▶ Exercise: Leave out the pictures and repeat the data exactly.

▶ Information provided:

>>>

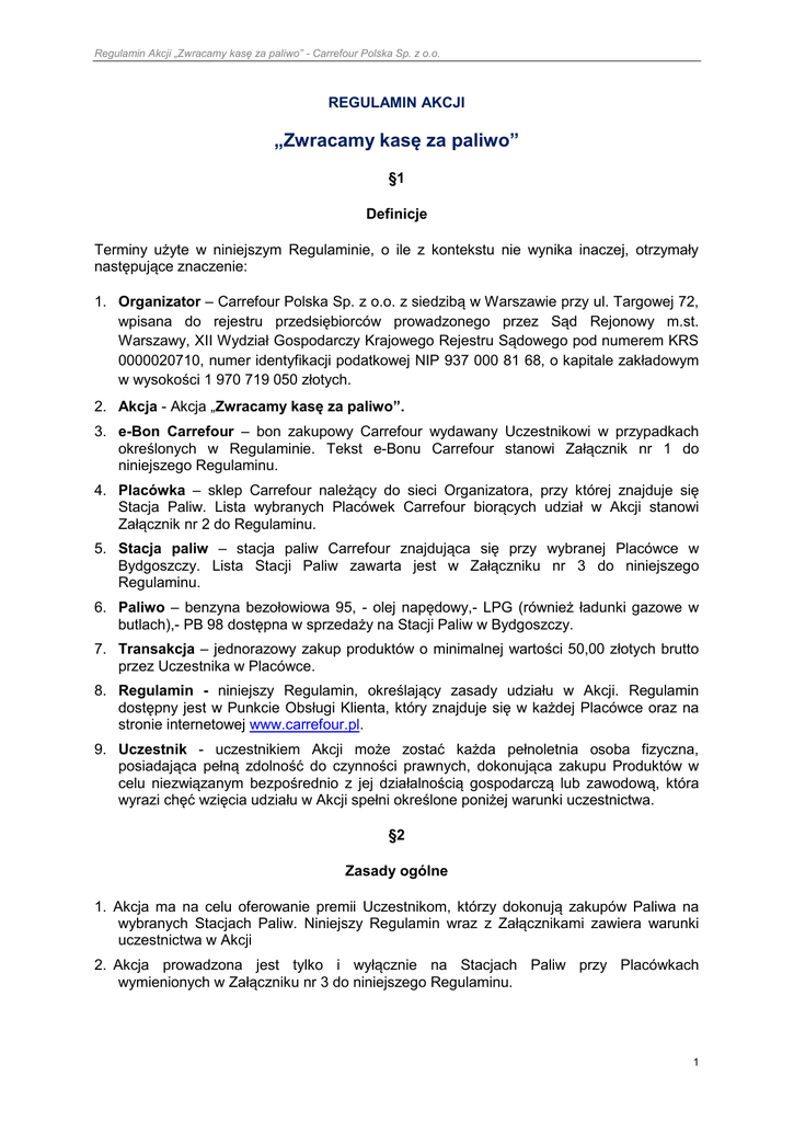 Regulamin Akcji „Zwracamy kasę za paliwo” - Carrefour Polska Sp. z o.o. REGULAMIN AKCJI „Zwracamy kasę za paliwo” §1 Definicje Terminy użyte w niniejszym Regulaminie, o ile z kontekstu nie wynika inaczej, otrzymały następujące znaczenie: 1. Organizator – Carrefour Polska Sp. z o.o. z siedzibą w Warszawie przy ul. Targowej 72, wpisana do rejestru przedsiębiorców prowadzonego przez Sąd Rejonowy m.st. Warszawy, XII Wydział Gospodarczy Krajowego Rejestru Sądowego pod numerem KRS 0000020710, numer identyfikacji podatkowej NIP 937 000 81 68, o kapitale zakładowym w wysokości 1 970 719 050 złotych. 2. Akcja - Akcja „Zwracamy kasę za paliwo”. 3. e-Bon Carrefour – bon zakupowy Carrefour wydawany Uczestnikowi w przypadkach określonych w Regulaminie. Tekst e-Bonu Carrefour stanowi Załącznik nr 1 do niniejszego Regulaminu. 4. Placówka – sklep Carrefour należący do sieci Organizatora, przy której znajduje się Stacja Paliw. Lista wybranych Placówek Carrefour biorących udział w Akcji stanowi Załącznik nr 2 do Regulaminu. 5. Stacja paliw – stacja paliw Carrefour znajdująca się przy wybranej Placówce w Bydgoszczy. Lista Stacji Paliw zawarta jest w Załączniku nr 3 do niniejszego Regulaminu. 6. Paliwo – benzyna bezołowiowa 95, - olej napędowy,- LPG (również ładunki gazowe w butlach),- PB 98 dostępna w sprzedaży na Stacji Paliw w Bydgoszczy. 7. Transakcja – jednorazowy zakup produktów o minimalnej wartości 50,00 złotych brutto przez Uczestnika w Placówce. 8. Regulamin - niniejszy Regulamin, określający zasady udziału w Akcji. Regulamin dostępny jest w Punkcie Obsługi Klienta, który znajduje się w każdej Placówce oraz na stronie internetowej www.carrefour.pl. 9. Uczestnik - uczestnikiem Akcji może zostać każda pełnoletnia osoba fizyczna, posiadająca pełną zdolność do czynności prawnych, dokonująca zakupu Produktów w celu niezwiązanym bezpośrednio z jej działalnością gospodarczą lub zawodową, która wyrazi chęć wzięcia udziału w Akcji spełni określone poniżej warunki uczestnictwa. §2 Zasady ogólne 1. Akcja ma na celu oferowanie premii Uczestnikom, którzy dokonują zakupów Paliwa na wybranych Stacjach Paliw. Niniejszy Regulamin wraz z Załącznikami zawiera warunki uczestnictwa w Akcji 2. Akcja prowadzona jest tylko i wyłącznie na Stacjach Paliw przy Placówkach wymienionych w Załączniku nr 3 do niniejszego Regulaminu. 1 Regulamin Akcji „Zwracamy kasę za paliwo” - Carrefour Polska Sp. z o.o. 3. Akcja obowiązuje codziennie od 24.02.2016 roku do 30.04.2016 roku na Stacji Paliw przy Placówce zgodnie z Załącznikiem nr 2 i 3 do niniejszego Regulaminu. 4. Akcja łączy się z innymi akcjami i promocjami przeprowadzanymi w Placówkach. W żadnym przypadku wartość przyznanych łącznie Uczestnikowi bonów, w tym e-Bonów oraz bonów Carrefour, które mogą zostać przyznane Uczestnikowi na podstawie innych Akcji w których bierze udział, obowiązujących w tym samym czasie w Placówkach, nie może przekroczyć łącznie kwoty 760 złotych do jednego paragonu. §3 Warunki otrzymania e-Bonu płatniczego Carrefour 1. Każdemu Uczestnikowi przysługuje jednorazowo prawo do otrzymania e-Bonu za zakup Paliwa na zasadach określonych w niniejszym Regulaminie. 2. Warunkiem otrzymania e-Bonu jest nabycie przez Uczestnika Paliwa na wybranej Stacji Paliw o wartości równej lub przewyższającej 100,00 złotych brutto, w okresie obowiązywania Akcji. 3. Wartość otrzymanego e-Bonu wynosić będzie do 5% wartości transakcji zakupu Paliwa. 4. Wartość otrzymanego e-Bonu uzależniona jest od ostatecznej kwoty figurującej na paragonie fiskalnym potwierdzającym dokonane przez Uczestnika zakupu Paliwa, po uwzględnieniu wszystkich wykorzystanych przez Uczestnika rabatów. 5. Maksymalna wartość otrzymanego do jednej transakcji e- Bonu wynosi 25,00 złotych brutto tj. przy zakupie Paliwa o wartości równej bądź przekraczającej 500,01 zł brutto będą wydawane e-Bony Carrefour wartości 25,00 zł brutto. 6. e-Bony będą wydawane w Punkcie Kasowym Stacji Paliw przez kasjera tylko i wyłącznie po dokonaniu zapłaty za Paliwo przez Uczestnika. 7. e-Bon nie będzie wydawany w innym dniu niż dzień nabycia Paliwa oraz tylko i wyłącznie bezpośrednio po dokonaniu przez Uczestnika zapłaty za Paliwo na Stacji Paliw. 8. Po wydaniu e-Bonu kasjer dokona na paragonie fiskalnym adnotacji o treści ”Bon wydany”. Wydanie kolejnego e-Bonu na podstawie paragonu, na którym znajduje się taka adnotacja nie będzie możliwe 9. Uczestnik może wziąć dział w Akcji tylko jeden raz dziennie. Organizator zastrzega sobie prawo do odmowy wydania e-Bonu w przypadku, gdy Uczestnik wielokrotnie dokonuje nabycia Paliwa w tym samym dniu podczas trwania Akcji. §4 e-Bon i jego realizacja 1. e-Bon jest bonem na okaziciela, uprawniającymi okaziciela e-Bonu do częściowej lub całkowitej zapłaty za zakupione produkty oferowane do sprzedaży w Placówkach. 2. e-Bon Carrefour podlega realizacji wyłącznie w terminie na nim podanym. 3. e-Bon Carrefour podlega realizacji tylko i wyłącznie w Placówce na nim podanej. 4. Możliwość realizacji e-Bonu w terminie jego ważności uwarunkowana jest dokonaniem przez Uczestnika jednorazowej Transakcji w danej Placówce za minimalną wartość 50,00 złotych brutto, po uwzględnieniu wszystkich wykorzystanych przez Uczestnika rabatów. 2 Regulamin Akcji „Zwracamy kasę za paliwo” - Carrefour Polska Sp. z o.o. 5. W przypadku, gdy wartość jednorazowej transakcji w Placówce będzie niższa niż wartość 50,00 złotych brutto e-Bon nie będzie realizowany. 6. e-Bony nie mogą być przedmiotem obrotu gospodarczego. 7. W przypadku utraty, zniszczenia lub uszkodzenia e-Bonu po jego wydaniu, duplikaty nie będą wydawane, a okazicielowi e-Bonu nie przysługują jakiekolwiek roszczenia z tego tytułu. 8. e-Bon nie podlega wymianie ani zwrotowi. §5 Reklamacje 1. Każdemu Uczestniko
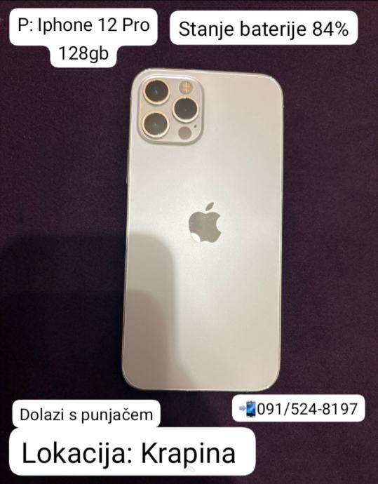 Prodajem iPhone 12 Pro sa 128GB memorije u bijeloj boji. Telefon je u rabljenom stanju, a baterija trenutno ima kapacitet od 84%. Uz telefon dolazi punjač.
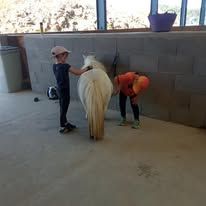 Le but de cet atelier est que l’enfant prenne du plaisir à être avec son poney/cheval, qu’il crée un lien avec ce dernier afin de pouvoir mobiliser ses potentiels.

<<<

▶ Final answer:
 Regulamin Akcji „Zwracamy kasę za paliwo” - Carrefour Polska Sp. z o.o. REGULAMIN AKCJI „Zwracamy kasę za paliwo” §1 Definicje Terminy użyte w niniejszym Regulaminie, o ile z kontekstu nie wynika inaczej, otrzymały następujące znaczenie: 1. Organizator – Carrefour Polska Sp. z o.o. z siedzibą w Warszawie przy ul. Targowej 72, wpisana do rejestru przedsiębiorców prowadzonego przez Sąd Rejonowy m.st. Warszawy, XII Wydział Gospodarczy Krajowego Rejestru Sądowego pod numerem KRS 0000020710, numer identyfikacji podatkowej NIP 937 000 81 68, o kapitale zakładowym w wysokości 1 970 719 050 złotych. 2. Akcja - Akcja „Zwracamy kasę za paliwo”. 3. e-Bon Carrefour – bon zakupowy Carrefour wydawany Uczestnikowi w przypadkach określonych w Regulaminie. Tekst e-Bonu Carrefour stanowi Załącznik nr 1 do niniejszego Regulaminu. 4. Placówka – sklep Carrefour należący do sieci Organizatora, przy której znajduje się Stacja Paliw. Lista wybranych Placówek Carrefour biorących udział w Akcji stanowi Załącznik nr 2 do Regulaminu. 5. Stacja paliw – stacja paliw Carrefour znajdująca się przy wybranej Placówce w Bydgoszczy. Lista Stacji Paliw zawarta jest w Załączniku nr 3 do niniejszego Regulaminu. 6. Paliwo – benzyna bezołowiowa 95, - olej napędowy,- LPG (również ładunki gazowe w butlach),- PB 98 dostępna w sprzedaży na Stacji Paliw w Bydgoszczy. 7. Transakcja – jednorazowy zakup produktów o minimalnej wartości 50,00 złotych brutto przez Uczestnika w Placówce. 8. Regulamin - niniejszy Regulamin, określający zasady udziału w Akcji. Regulamin dostępny jest w Punkcie Obsługi Klienta, który znajduje się w każdej Placówce oraz na stronie internetowej www.carrefour.pl. 9. Uczestnik - uczestnikiem Akcji może zostać każda pełnoletnia osoba fizyczna, posiadająca pełną zdolność do czynności prawnych, dokonująca zakupu Produktów w celu niezwiązanym bezpośrednio z jej działalnością gospodarczą lub zawodową, która wyrazi chęć wzięcia udziału w Akcji spełni określone poniżej warunki uczestnictwa. §2 Zasady ogólne 1. Akcja ma na celu oferowanie premii Uczestnikom, którzy dokonują zakupów Paliwa na wybranych Stacjach Paliw. Niniejszy Regulamin wraz z Załącznikami zawiera warunki uczestnictwa w Akcji 2. Akcja prowadzona jest tylko i wyłącznie na Stacjach Paliw przy Placówkach wymienionych w Załączniku nr 3 do niniejszego Regulaminu. 1 Regulamin Akcji „Zwracamy kasę za paliwo” - Carrefour Polska Sp. z o.o. 3. Akcja obowiązuje codziennie od 24.02.2016 roku do 30.04.2016 roku na Stacji Paliw przy Placówce zgodnie z Załącznikiem nr 2 i 3 do niniejszego Regulaminu. 4. Akcja łączy się z innymi akcjami i promocjami przeprowadzanymi w Placówkach. W żadnym przypadku wartość przyznanych łącznie Uczestnikowi bonów, w tym e-Bonów oraz bonów Carrefour, które mogą zostać przyznane Uczestnikowi na podstawie innych Akcji w których bierze udział, obowiązujących w tym samym czasie w Placówkach, nie może przekroczyć łącznie kwoty 760 złotych do jednego paragonu. §3 Warunki otrzymania e-Bonu płatniczego Carrefour 1. Każdemu Uczestnikowi przysługuje jednorazowo prawo do otrzymania e-Bonu za zakup Paliwa na zasadach określonych w niniejszym Regulaminie. 2. Warunkiem otrzymania e-Bonu jest nabycie przez Uczestnika Paliwa na wybranej Stacji Paliw o wartości równej lub przewyższającej 100,00 złotych brutto, w okresie obowiązywania Akcji. 3. Wartość otrzymanego e-Bonu wynosić będzie do 5% wartości transakcji zakupu Paliwa. 4. Wartość otrzymanego e-Bonu uzależniona jest od ostatecznej kwoty figurującej na paragonie fiskalnym potwierdzającym dokonane przez Uczestnika zakupu Paliwa, po uwzględnieniu wszystkich wykorzystanych przez Uczestnika rabatów. 5. Maksymalna wartość otrzymanego do jednej transakcji e- Bonu wynosi 25,00 złotych brutto tj. przy zakupie Paliwa o wartości równej bądź przekraczającej 500,01 zł brutto będą wydawane e-Bony Carrefour wartości 25,00 zł brutto. 6. e-Bony będą wydawane w Punkcie Kasowym Stacji Paliw przez kasjera tylko i wyłącznie po dokonaniu zapłaty za Paliwo przez Uczestnika. 7. e-Bon nie będzie wydawany w innym dniu niż dzień nabycia Paliwa oraz tylko i wyłącznie bezpośrednio po dokonaniu przez Uczestnika zapłaty za Paliwo na Stacji Paliw. 8. Po wydaniu e-Bonu kasjer dokona na paragonie fiskalnym adnotacji o treści ”Bon wydany”. Wydanie kolejnego e-Bonu na podstawie paragonu, na którym znajduje się taka adnotacja nie będzie możliwe 9. Uczestnik może wziąć dział w Akcji tylko jeden raz dziennie. Organizator zastrzega sobie prawo do odmowy wydania e-Bonu w przypadku, gdy Uczestnik wielokrotnie dokonuje nabycia Paliwa w tym samym dniu podczas trwania Akcji. §4 e-Bon i jego realizacja 1. e-Bon jest bonem na okaziciela, uprawniającymi okaziciela e-Bonu do częściowej lub całkowitej zapłaty za zakupione produkty oferowane do sprzedaży w Placówkach. 2. e-Bon Carrefour podlega realizacji wyłącznie w terminie na nim podanym. 3. e-Bon Carrefour podlega realizacji tylko i wyłącznie w Placówce na nim podanej. 4. Możliwość realizacji e-Bonu w terminie jego ważności uwarunkowana jest dokonaniem przez Uczestnika jednorazowej Transakcji w danej Placówce za minimalną wartość 50,00 złotych brutto, po uwzględnieniu wszystkich wykorzystanych przez Uczestnika rabatów. 2 Regulamin Akcji „Zwracamy kasę za paliwo” - Carrefour Polska Sp. z o.o. 5. W przypadku, gdy wartość jednorazowej transakcji w Placówce będzie niższa niż wartość 50,00 złotych brutto e-Bon nie będzie realizowany. 6. e-Bony nie mogą być przedmiotem obrotu gospodarczego. 7. W przypadku utraty, zniszczenia lub uszkodzenia e-Bonu po jego wydaniu, duplikaty nie będą wydawane, a okazicielowi e-Bonu nie przysługują jakiekolwiek roszczenia z tego tytułu. 8. e-Bon nie podlega wymianie ani zwrotowi. §5 Reklamacje 1. Każdemu Uczestniko
 Prodajem iPhone 12 Pro sa 128GB memorije u bijeloj boji. Telefon je u rabljenom stanju, a baterija trenutno ima kapacitet od 84%. Uz telefon dolazi punjač.
 Le but de cet atelier est que l’enfant prenne du plaisir à être avec son poney/cheval, qu’il crée un lien avec ce dernier afin de pouvoir mobiliser ses potentiels.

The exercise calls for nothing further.